Let $H$ be a Hilbert space and let $E$ be a closed convex subset of $H$ . Prove that there exists a unique element $x \in E$ such that

\norm{x} = \inf_{y \in E}\,\norm{y}.

Solution.

First observe that we have the parallelogram law:

\norm{x - y}^2 + \norm{x + y}^2 = 2\norm{x}^2 + 2\norm{y}^2

Set $\delta = \inf_{y \in E}\,\norm{y}$ and let $\set{x_n}_n \subseteq E$ be a sequence in $E$ such that $\norm{x_n} \to \delta$ . Since $E$ is convex, $\frac{1}{2}\p{x_n + x_m} \in E$ for any $n, m \geq 1$ . Combined with the triangle inequality, this implies

\delta \leq \norm{\frac{x_n + x_m}{2}} \leq \frac{\norm{x_n} + \norm{x_m}}{2} \xrightarrow{n,m\to\infty} \delta.
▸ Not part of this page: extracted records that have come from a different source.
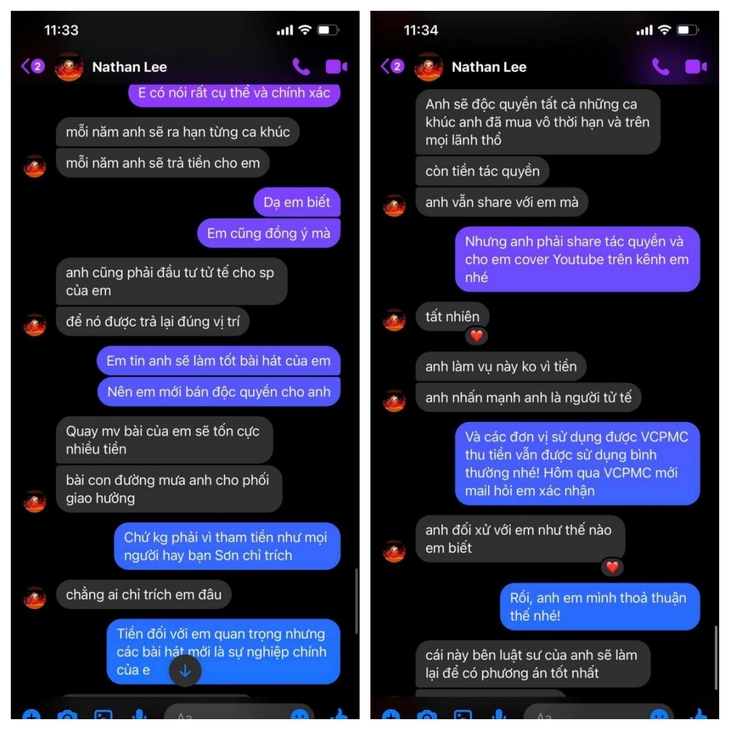 Đến trưa 26-5, Nguyễn Văn Chung đã chính thức công bố đoạn tin nhắn với Nathan Lee và đưa ra bằng chứng chứng minh việc bán ca khúc không vì mục đích "đổ thêm dầu vào lửa" trong câu chuyện xích mích giữa hai nam ca sĩ đình đám.
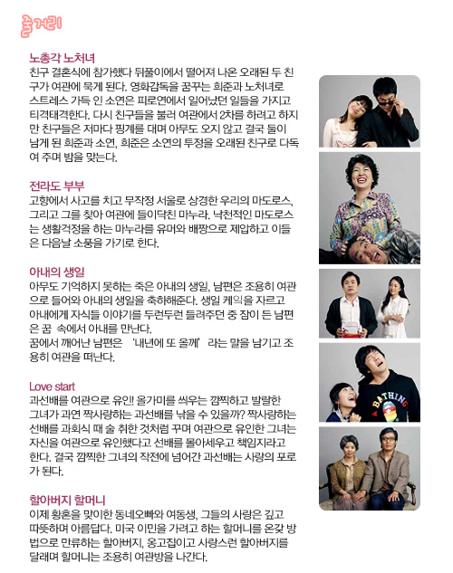여섯 명의 배우가 서로 돌아가면서 짝을 이루고 공연을 하는데 아이들 때문이었는지는 몰라도 개인적으로 그리 재미나 감동을 느끼지는 못했다.
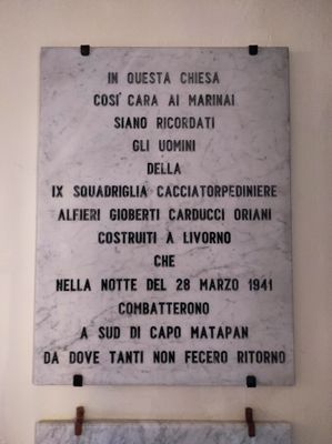 Lapide Battaglia di Capo Matapan 28/03/1941, lapide in memoria dei marinai caduti nella battaglia a sud di Capo Matapan il 28 marzo 1941
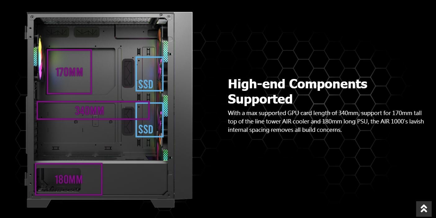 PSU: 180mm High-End Power Supply (200mm if HDD cage removed)
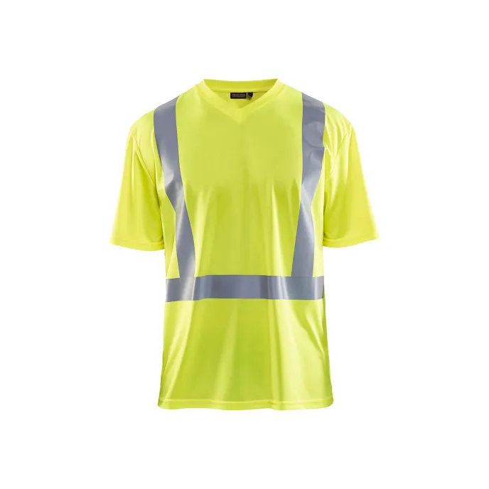 T-Shirt da lavoro alta visibilità, firmata Blaklader, scollo a V, tessuto traspirante, assorbe l'umidità e protegge dai raggi UV,  il tessuto a maglia leggero garantisce un'ottima ventilazione, bande riflettenti termoadesive, Certificazioni: EN ISO 20471 classe 1 e EN 13758-2 UPF 40+.
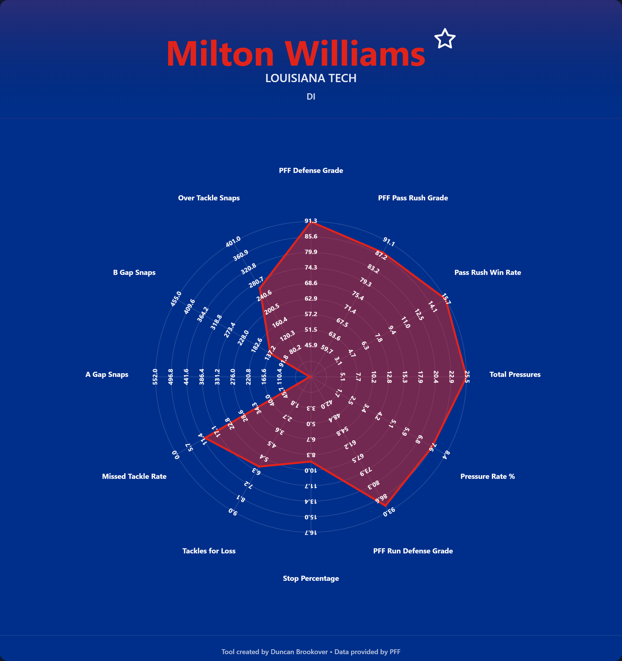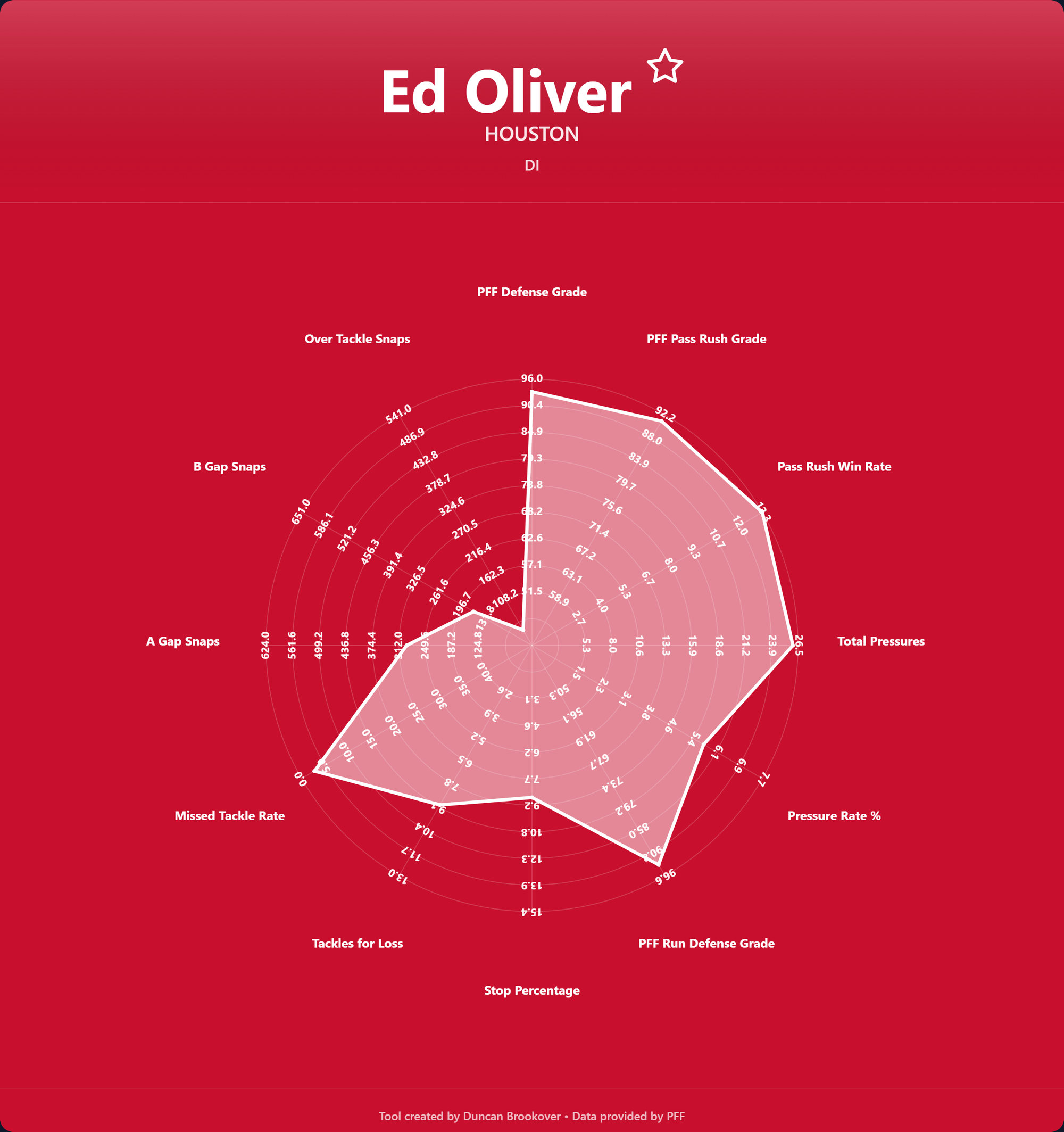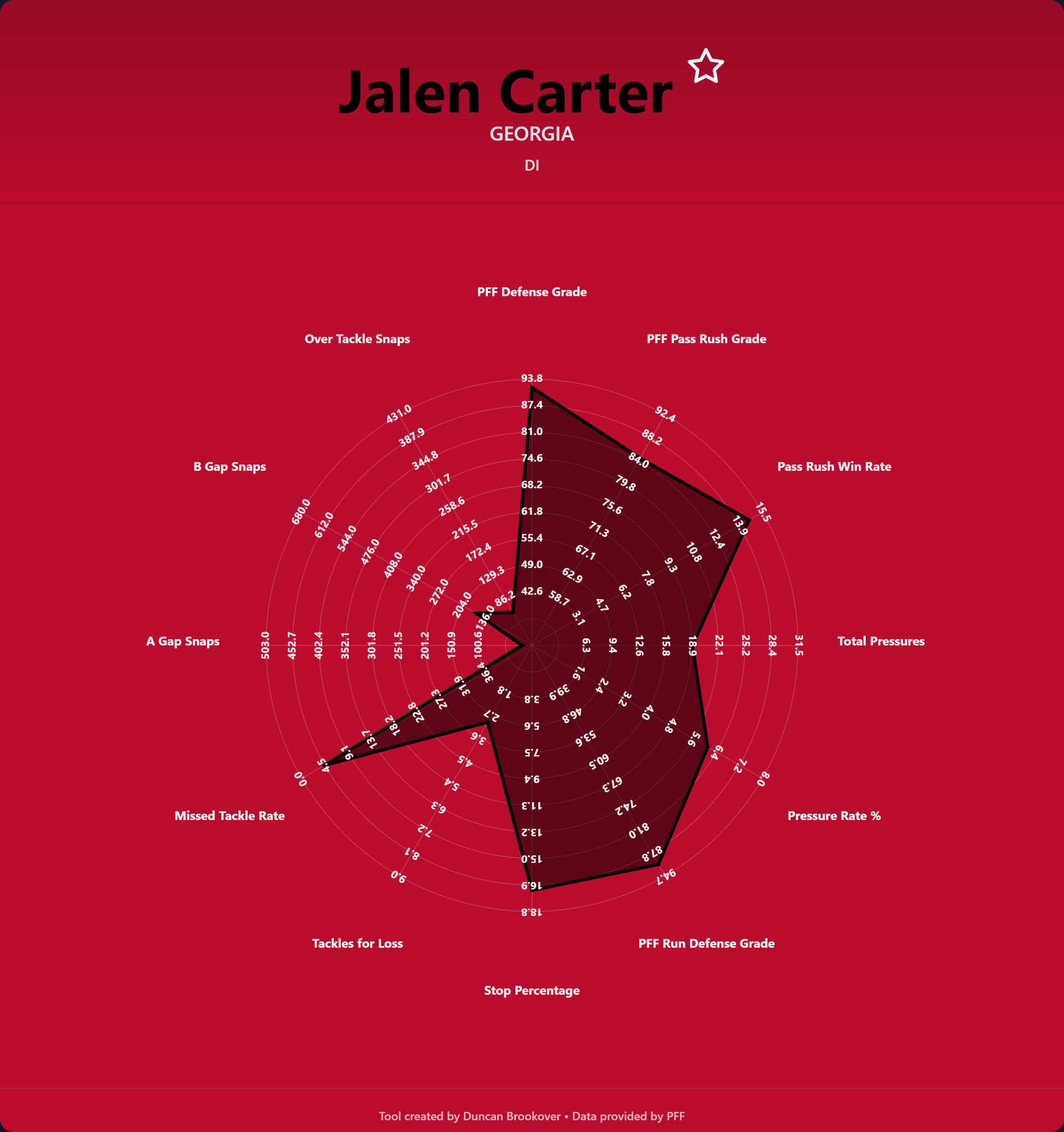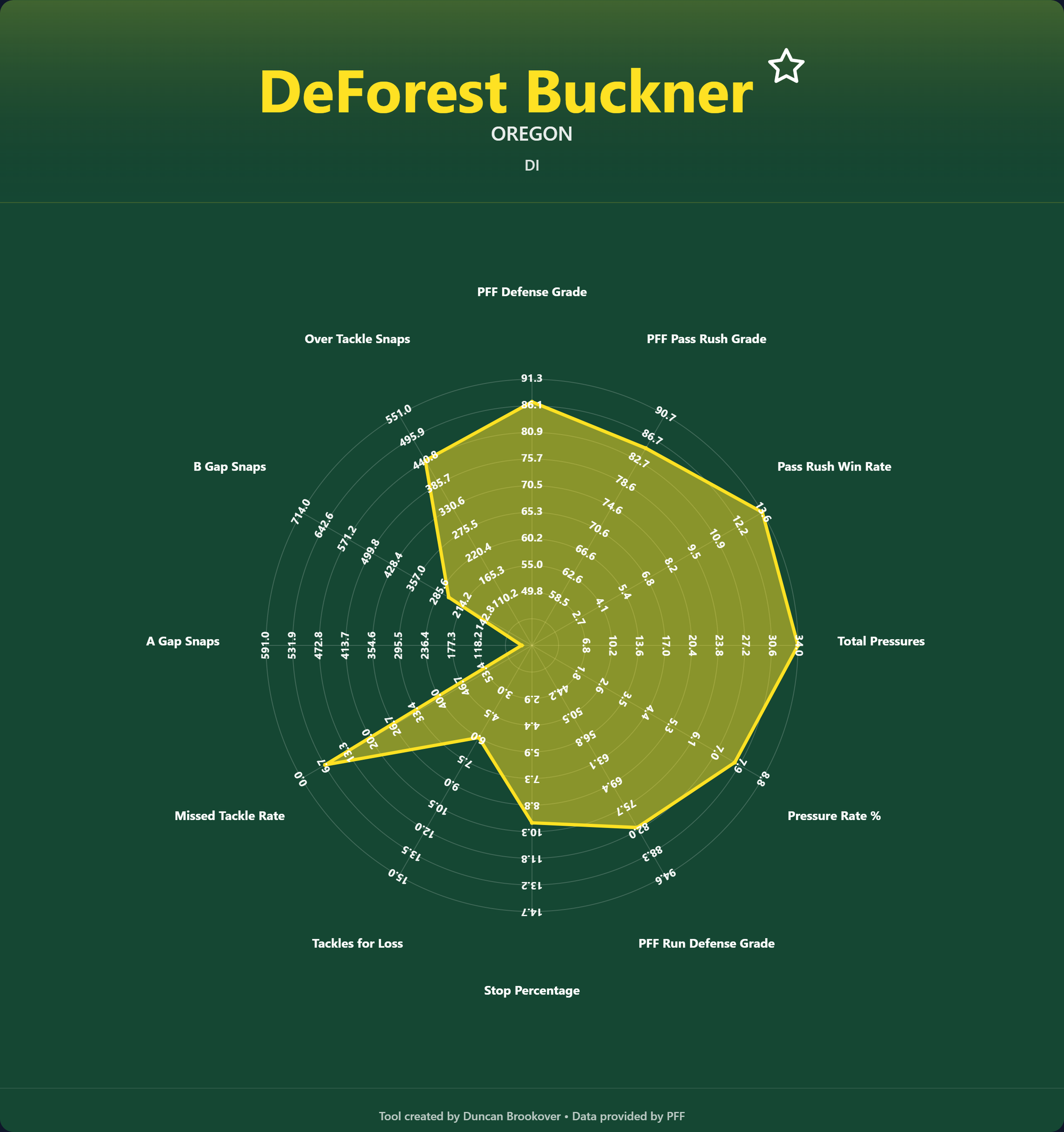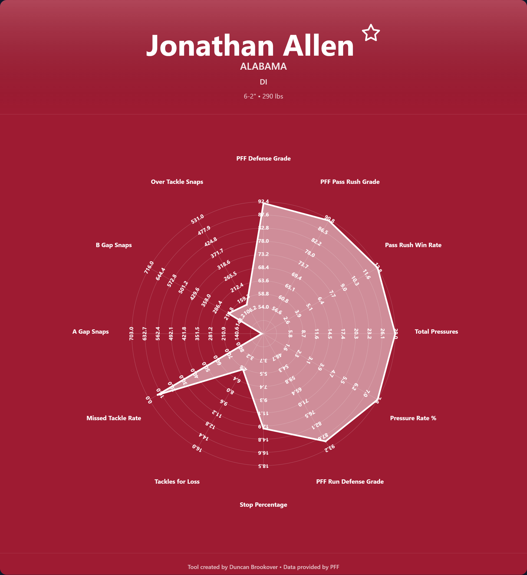 Radar charts give a quick and easy look at the kind of player you are looking for. The statistics represent different DT archetypes. Do you have a pure pass rusher, a big nose tackle, or an all-rounder?
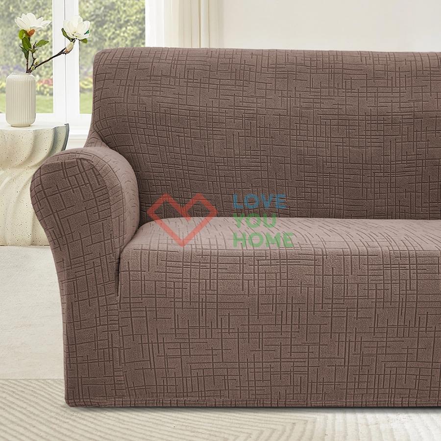 Еластичний трикотажний чохол із жакардовою текстурою для диванів Чохол виготовлений з якісного трикотажного матеріалу з жакардовою текстурою, яка надає інтер'єру сучасності та витонченості. Завдяки спеціальним виточкам і комплекту з поролоновими валиками, чохол забезпечує ідеальне прилягання до меблів, повторюючи форму сидіння, спинки і підлокітників. Основні характеристики: Матеріал: Високоякісний стрейчевий трикотаж із жакардовою текстурою, який поєднує еластичність і міцність. Дизайн: Однотонний і сучасний, гармонійно впишеться в будь-який інтер'єр. Комплектація: У набір входять поролонові валики для надійної фіксації тканини між сидінням, спинкою і підлокітниками. Функціональність: Ефективно захищає меблі від пилу, плям, пошкоджень і зносу. Переваги: Легке встановлення: Завдяки еластичній тканині та поролоновим валикам чохол легко натягується і надійно фіксується. Охайний вигляд: Ідеально прилягає до форми дивана, запобігаючи зміщенню. Простота догляду: Підходить для машинного прання, зберігаючи свою текстуру і насиченість кольору навіть після багаторазового використання. Вибір розміру: Двомісний диван: Оптимальний для меблів стандартного розміру з двома посадочними місцями. Тримісний диван: Розроблено для великих диванів із трьома посадочними місцями. Чотиримісний диван: Ідеально підходить для просторих диванів з чотирма посадочними місцями.
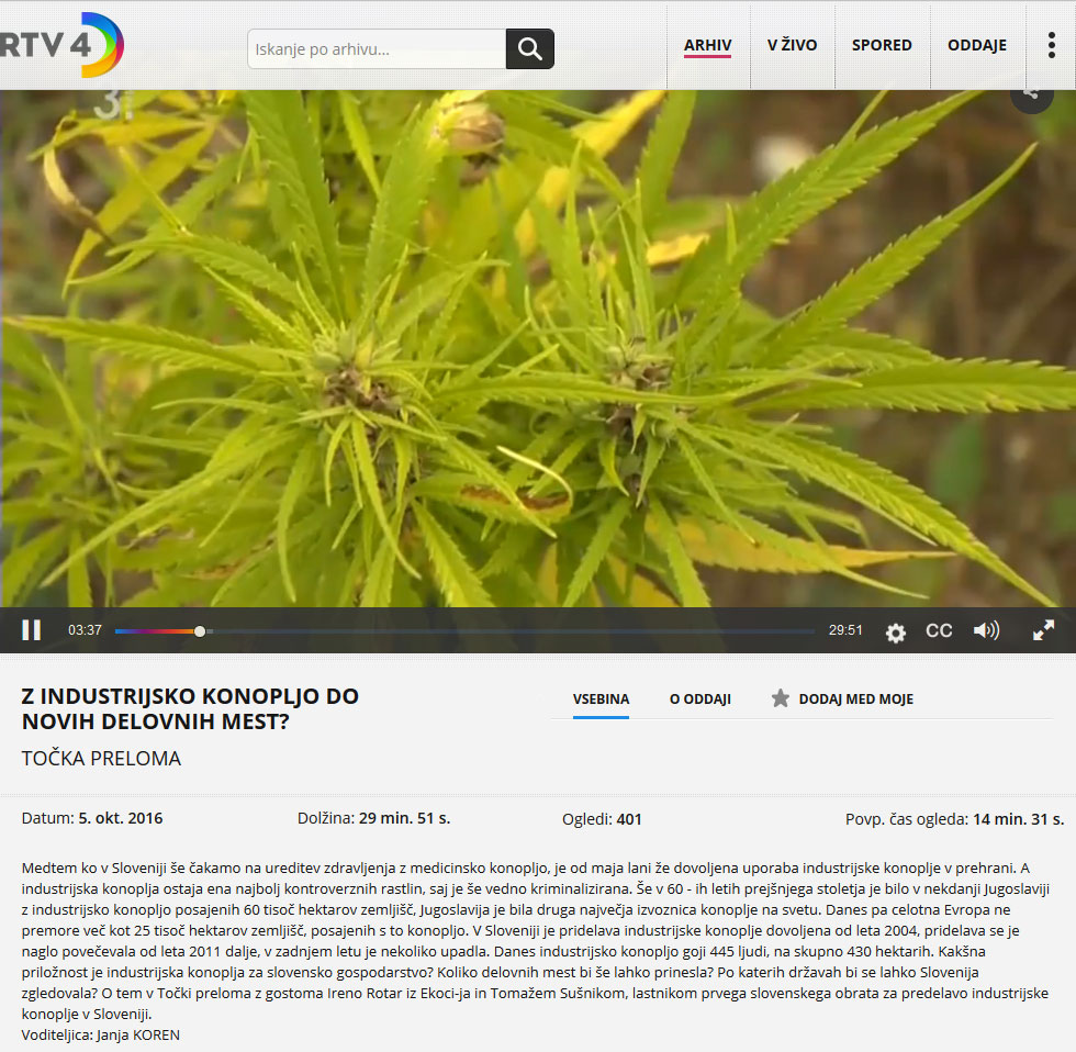 Medtem ko v Sloveniji še čakamo na ureditev zdravljenja z medicinsko konopljo, je od maja lani že dovoljena uporaba industrijske konoplje v prehrani. A industrijska konoplja ostaja ena najbolj kontroverznih rastlin, saj je še vedno kriminalizirana. Še v 60 - ih letih prejšnjega stoletja je bilo v nekdanji Jugoslaviji z industrijsko konopljo posajenih 60 tisoč hektarov zemljišč, Jugoslavija je bila druga največja izvoznica konoplje na svetu. Danes pa celotna Evropa ne premore več kot 25 tisoč hektarov zemljišč, posajenih s to konopljo. V Sloveniji je pridelava industrijske konoplje dovoljena od leta 2004, pridelava se je naglo povečevala od leta 2011 dalje, v zadnjem letu je nekoliko upadla. Danes industrijsko konopljo goji 445 ljudi, na skupno 430 hektarih.
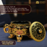 - Chân, nắp và quai được xử lý phủ kim vàng
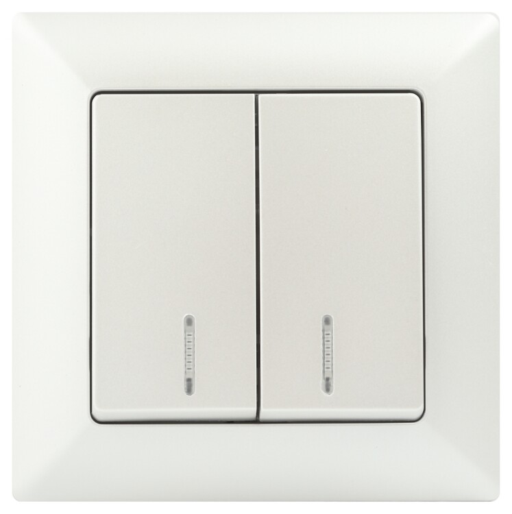 <p>Выключатель 2-клавишный с подсветкой серии Intro Solo скрытой установки цвет перламутр 4-105-06. Номинальные характеристики 10А 250В . Выключатель выполнен из качественного негорючего термопласта, укомплектован одноместной рамкой, оснащён винтовыми клеммами. Вертикальное расположение клемм обеспечивает удобный и надёжный монтаж. Клеммы с двумя отверстиями позволяют соединять соседние выключатели шлейфом. Установка в подрозетник производится как на монтажные лапки, так и на винты. Для установки 2-х и более выключателей в несколько подрозетников в ряд дополнительно используются многоместные рамки: 2-х постовая - 4-502-хх, 3-х постовая 4-503-хх, 4-х постовая - 4-504-хх (где хх - цветовой код: 01 - белый, 02 - слоновая кость, 03 - алюминий, 04 - шампань, 05 - антрацит, 10 - венге, 11 - сосна).</p>

Thus, by the parallelogram law,

\begin{gathered} \norm{\frac{x_n - x_m}{2}}^2 + \norm{\frac{x_n + x_m}{2}}^2 = 2\norm{\frac{x_n}{2}}^2 + 2\norm{\frac{x_m}{2}}^2 \\ \implies \norm{x_n - x_m}^2 = \frac{\norm{x_n}^2 + \norm{x_m}^2}{2} - \norm{\frac{x_n + x_m}{2}}^2 \xrightarrow{n,m\to\infty} \frac{\delta^2 + \delta^2}{2} - \delta^2 = 0. \end{gathered}

In other words, $\set{x_n}_n$ is Cauchy, so it converges to some $x \in H$ . Since $E$ was closed, it follows that $x \in E$ , which proves existence. To show uniqueness, suppose $x^* \in E$ is another minimizer. Then by convexity, $\frac{1}{2}\p{x + x^*} \in E$ and so by another application of the parallelogram law,

\begin{gathered} \norm{\frac{x - x^*}{2}}^2 + \norm{\frac{x + x^*}{2}}^2 = 2\norm{\frac{x}{2}}^2 + 2\norm{\frac{x^*}{2}}^2 = \frac{\delta^2}{2} + \frac{\delta^2}{2} = \delta^2 \\ \implies \delta^2 \leq \norm{\frac{x + x^*}{2}}^2 = \delta^2 - \norm{\frac{x - x^*}{2}}^2. \end{gathered}

The first inequality comes from the fact that $\frac{1}{2}\p{x + x^*} \in E$ and the fact that $\delta$ is the minimum norm. Thus, $\norm{x - x^*} = 0 \implies x = x^*$ , which completes the proof.